UcyElak commented 2 years ago

Hi, HexDec! I find that the window will stop responding if no tcod.event.get() is called in the main loop, on Win10 and python3.7. I'm new to python-tcod, so I do not actually know what happened in sdl event functions or whether it is expected.

It might be better to add a comment on getting started or add protect on related functions.

HexDecimal commented 2 years ago

This is normal behavior for SDL-based programs. Event polling is how your program tells Windows that your app isn't hanging.

SDL has SDL_PumpEvents which lets you keep the window awake without needing to handle the events immediately. You can call this function from tcod using tcod.lib.SDL_PumpEvents().

HexDecimal commented 2 years ago

There isn't much more to add. A program does need to check events at least to respond to quit events and other windowing events. SDL_PumpEvents causes important side-effects so I won't add it to non-event functions.

A main loop without event polling might be considered invalid. Something like a long loading screen might use SDL_PumpEvents or it might check events normally for its duration. What example do you have for a program which doesn't check events?
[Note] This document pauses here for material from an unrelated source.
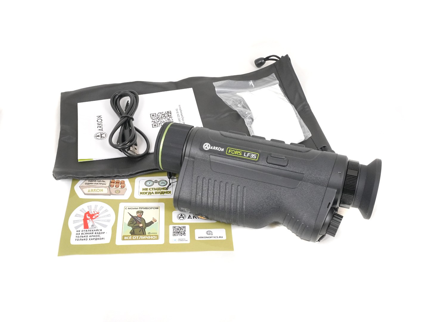 Arkon Fors LF35 оборудован германиевым объективом 35 мм с относительным отверстием 1.0, обеспечивающим базовый показатель кратности 3,8х. Дополнительно пользователю доступен цифровой зум х1/х2/х4/х8, позволяющий детально рассматривать объекты на различных дистанциях. Угол пространственного поля зрения FOV (Field of view) составляет 7,5° х 5,7°, что в линейном выражении соответствует видимой области пространства размером 13,1 х 10,0 м на расстоянии 100 м.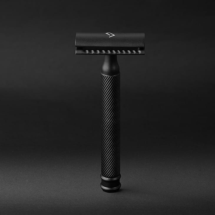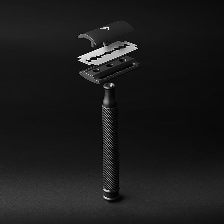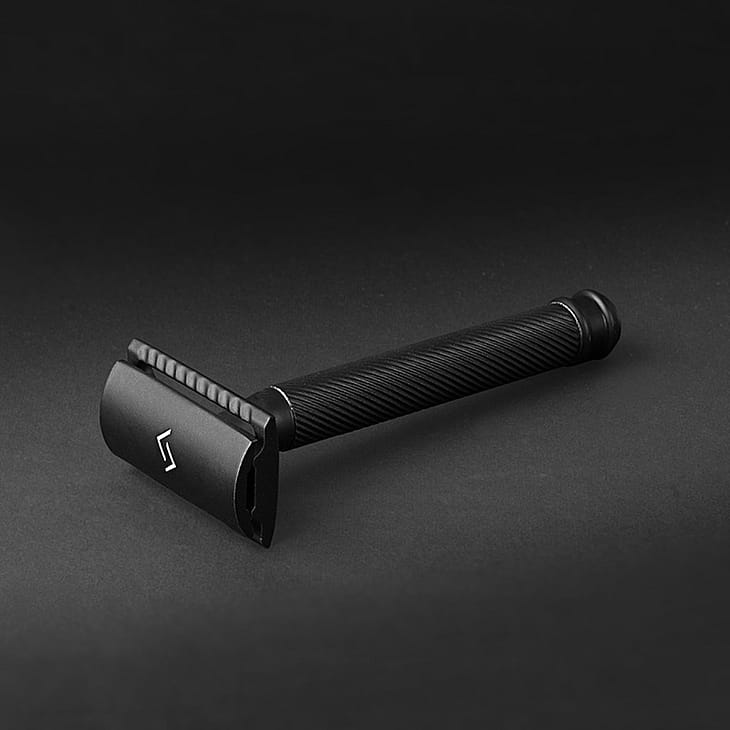 Njord R89 DE Safety Razor er en kvalitetsbarberkniv i messing og zink-legering, coated med mat, sort farve, hvilket giver den en perfekt balance i hånden og et flot design. Der bruges små, udskiftelige barberblade. Bladet stikker ud på begge sider af hovedet - og derfor hedder det Double Edge eller DE. Blade medfølger ikke.

UcyElak commented 2 years ago

Hi, HexDec I'm working on the first demo, so there is no event handle function yet. I agree that it at least need to respond for quit, and maybe I have to learn more on SDL to work better with tcod. XD Thanks for your help!

HexDecimal commented 2 years ago

No problem. Keeping the event loop from the getting started examples should be enough. You only need to replace tcod.event.wait with tcod.event.get.